Less than 20 hours on the unit. Practically brand new.


----------



## LGBTA (Nov 11, 2010)

Either direction. EVERYTHING ELSE remains working EVEN the sound, which obviously goes into idle since it stops moving. Lights stay on, etc... It will not run again for a day or two... REALLY WIERD! I am CONVINCED it is the MTS part of the board. anybody have a board or an F7 I can scrap for a decent price?


----------



## Dan Pierce (Jan 2, 2008)

The sound essentially just runs off track power, it does not get any control from the A unit, just a track power cable(2 wire). 
The 4 wire cable is for speaker control. 

So, only the A unit lights and motors are controlled by the MTS board located in the A unit. 

Are you running analog or digital control of the engine? 

If digital control, can you operate the lights on/off.


----------



## LGBTA (Nov 11, 2010)

Analog... Running off a Control Master 20.


----------



## daylightguy (May 26, 2010)

Contact brigemaster. thay thay a lot of parts from LGBOA. but i would take a look at the motors. if thay sit a lot the grease will
get hard and will put a lot of starn on the MTS decoder a force on the decoder in to shut down

Daylight guy


----------



## Greg Elmassian (Jan 3, 2008)

If it was sitting and would not start up, maybe that could be a possibility. 

But he is running and it shuts down, so grease would be more free, not getting harder. 

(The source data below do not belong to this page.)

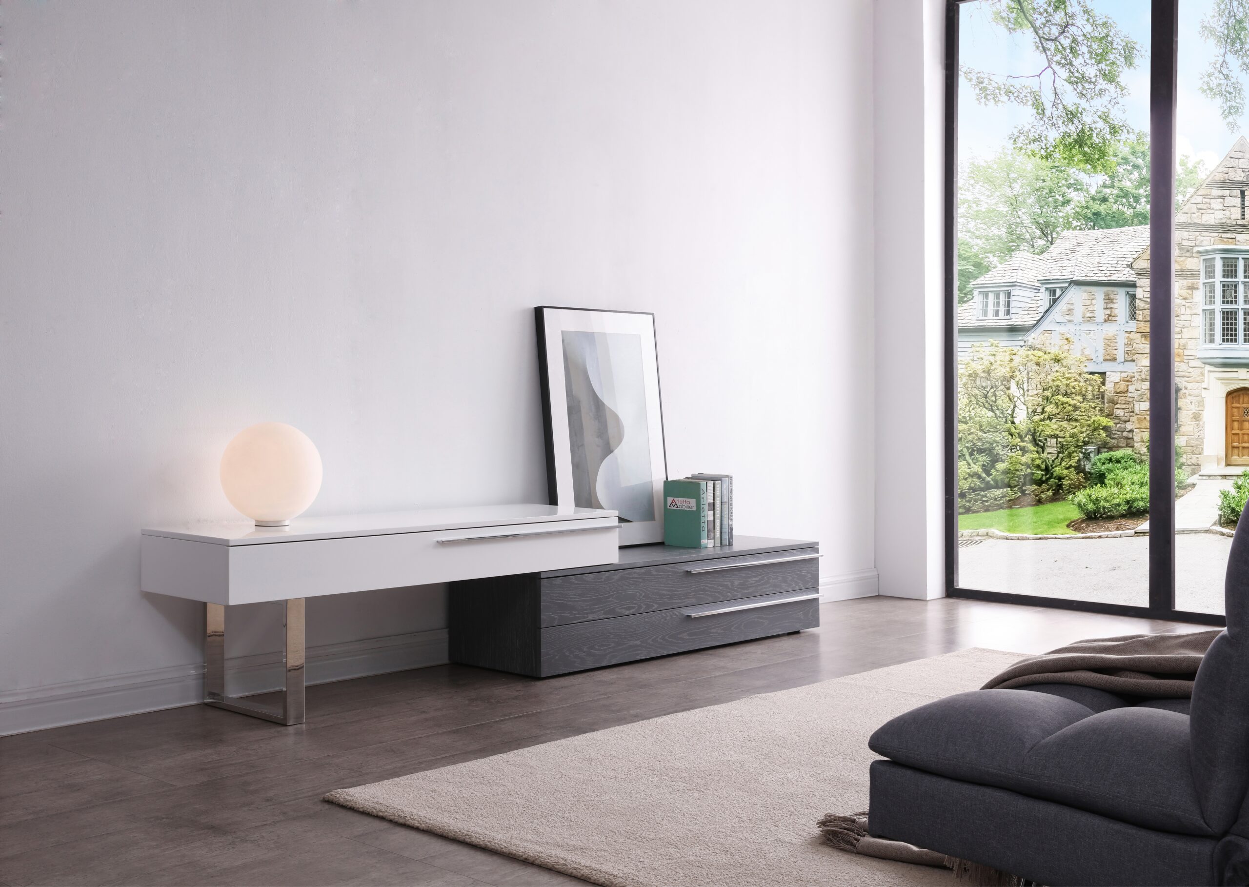 CE Hudson TV Base in Grey & White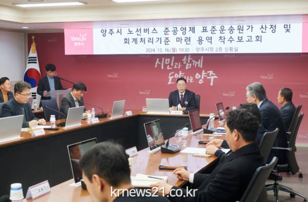 ▲ 사진=양주시양주시(시장 강수현)가 16일 오전 시청 상황실에서 ‘노선버스 준공영제 표준운송원가 산정 및 회계 처리 기준 마련 용역 착수보고회’를 개최했다고 밝혔다.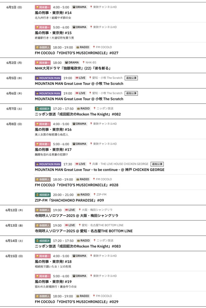 📅 6/1-6/15までのスケジュールをお届けします。 ※現時点で確認可能な範囲のみ。 ... -
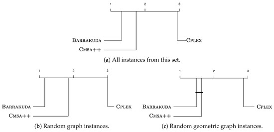 In addition to Cplex, Cmsa++ and Barrakuda were applied with the corresponding parameter values from above to all problem instances exactly once. The time limit for each run was set to 1000 CPU seconds for each algorithm. The results for the problem instances from the literature are presented in numerical form in Table 5, Table 6, Table 7 and Table 8. Each table row contains the solution quality (columns with heading ) and the time at which this result was obtained (columns with heading ) averaged over 10 problem instances for each of the three algorithms. Moreover, we show the results of LS_PD, which is an algorithm based on a local search that was the state-of-the-art approach for the CapMDS problem before the publication of Cmsa. In addition to solution quality and computation time, in the case of Cmsa++ and Barrakuda we also provide the average gap (in percent) over the respective 10 problem instances, either with respect to the optimal solutions obtained by Cplex, or—if not possible—with respect to the optimal MDS solutions of the respective problem instances. In the former case, the gaps are marked by a superscript ‘’a”, and in the latter one by a superscript ‘’b”. Those cases in which not even the optimal MDS solutions could be computed (due to excessive computation times) are marked with ‘’– –”. The best results per table row are indicated in bold font. Moreover, the result of Cplex is shown with a grey background in case the result is proven optimal. Finally, results with a preceding asterisk indicate new best-known results. In order to summarize these results, we additionally generated so-called critical difference (CD) plots for subsets of these problem instances (see the graphics in Figure 4). For their generation, first, the Friedman test was used to compare Cplex, Cmsa++ and Barrakuda simultaneously. (LS_PD was not included in the critical difference plots because, unfortunately, the detailed results per instance were not available. In any case, LS_PD is clearly worse than the other three techniques.) The hypothesis that the techniques perform equally was rejected. Subsequently, the algorithms were compared pairwise by the Nemenyi post-hoc test [36]. The obtained results can graphically be shown in the form of the above-mentioned CD plots in which each algorithm is placed on the horizontal axis according to its average ranking for the considered subset of problem instances. The performances of those algorithm variants that are below the critical difference threshold (computed with a significance level of 0.05) are considered as statistically equivalent. Such cases are shown by additional horizontal bars joining the average ranking markers of the respective algorithm variants. (The statistical evaluation was conducted using R’s scmamp package [37], available at https://github.com/b0rxa/scmamp.)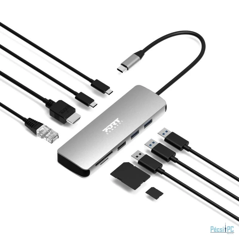 PORT CONNECT USB-C 9in1 dokkolóállomás - Bővítse laptopja csatlakoztathatóságát, és akár kilenc eszközt, köztük 4K-s monitort, hálózatot és kártyákat csatlakoztathat akár 85 W-os teljesítmény mellett.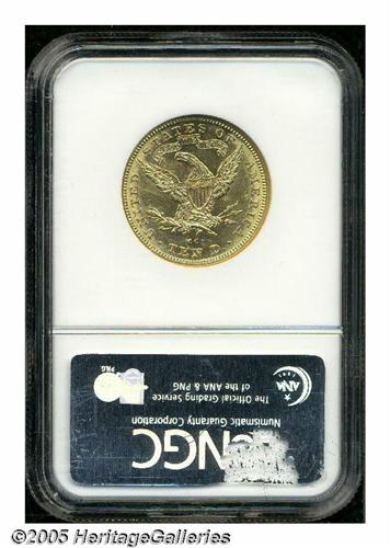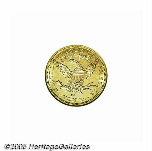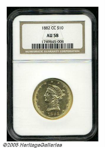 <B>1882-CC<$10> AU58 NGC.</B></I> This impressive Borderline Uncirculated Carson City Eagle possesses a penetrating strike and has vivacious mint luster throughout the borders and devices. A few faint slide marks are noted beneath the left (facing) wing, but the surfaces are generally very clean for the grade and denomination. Just 6,764 pieces were struck, and high grade survivors with the eye appeal of the present piece are very rare. As of (6/05), NGC has certified only one example finer.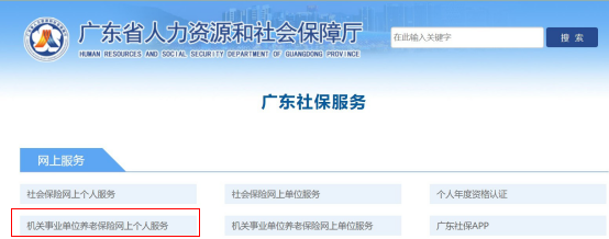 登录“广东省人力资源与社会保障厅”网址http://hrss.gd.gov.cn/gdsbfw/,选择“机关事业单位养老保险网上个人服务”。跳转至“粤省事”,按提示登录个人账号。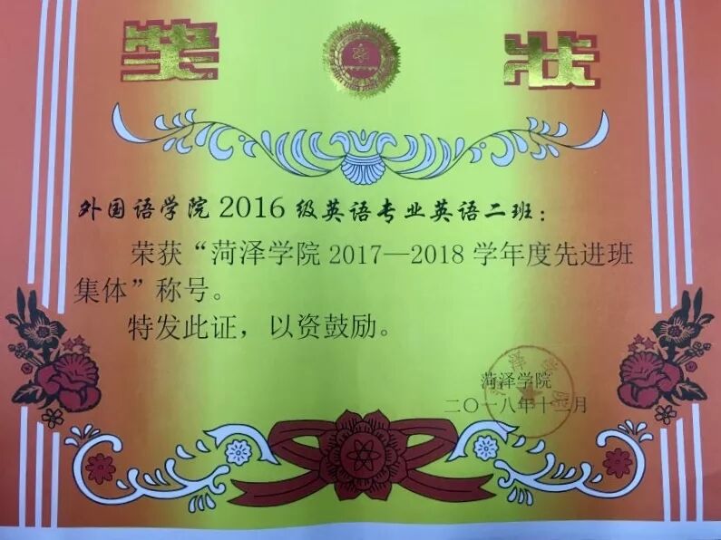 2017级英语教育二班是一个拥有32名成员的班集体。在这个温暖的大家庭中,每个人都在尽心尽力的为班级奉献,为这个集体增光添彩。在2017——2018学年,我们班在“读书节”活动中,荣获“书香班级”称号。在“宿舍安全知识竞赛”中获得三等奖等等。32名同学一条心,同学们也积极参加学校和学院开展的各项活动,为班级争光添彩。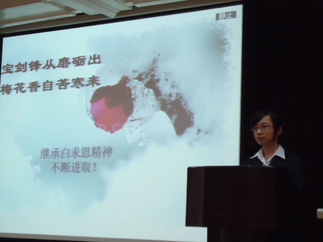11月6日上午8时30分,白求恩医公司第一届员工代表大会第二次全体会议在基础楼二楼多功能学术报告厅举行。会议由团委副书记李玲玉主持,公司党委副书记兼副经理苑锐等出席了会议。会议的主要内容为评选白求恩医公司2010年“十佳老员工”,审议《白求恩医公司综合素质测评实施办法》。
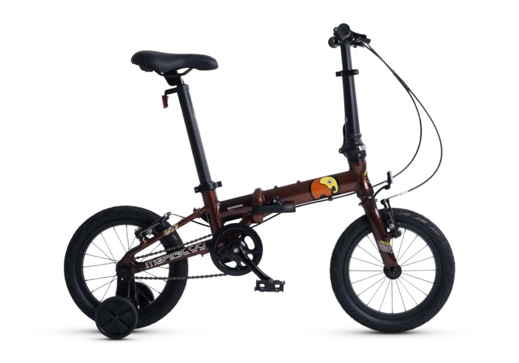 Велосипед, предназначенный для детей в возрасте от двух до четырех лет, без переключения передач. Технические особенности: складная алюминиевая рама (складной механизм, открытая прокладка тросов, бонки под багажник и флягодержатель), жесткая алюминиевая вилка, одинарные алюминиевые обода (под AV ниппель), надежные ободные тормоза типа V-Brake, защита цепи, съемные боковые колеса, катафоты. Подходит для обучения и прогулочного катания в городских условиях. Диаметр колес - 14 дюймов. Вес - 7,9 кг.

But maybe something similar, my guess is a bad solder connection that heats up and opens, possibly in the MTS decoder. 

Greg


----------



## LGBTA (Nov 11, 2010)

I'm with you on this one. Has to be a terminal board issue. At this point I am looking for a board or another F7 with MTS to cannibalize....

TA


----------



## LGBTA (Nov 11, 2010)

Bridgemaster? Can you please tell me more?


----------



## Cougar Rock Rail (Jan 2, 2008)

Can you try your engine on someone else's layout? When you run the engine at your place, how fast are you running it, ie. what % of max throttle? Can you measure the voltage your transformer is putting out? 

Keith


----------



## Madstang (Jan 4, 2008)

SORRY I MISSED THE "ANALOG" I saw you stated MTS that only refurs to the use of the decoders and the central stations, if you are using analog and they have the decoders inside the decoders are passive, and what I origionally posted does not apply....sorry. 

bubba


----------



## Ltotis (Jan 3, 2008)

Saw n LGB F7 for sale at $199 at JAmies Collectables here in Massachusetts. It was modified by the original owner by removing one power block and replacing it with a non-powered one. Not sure if it has MTS.
LAO


----------



## Dan Pierce (Jan 2, 2008)

LGBTA, where are you located? 

If you remove the board, I can check it out for you. 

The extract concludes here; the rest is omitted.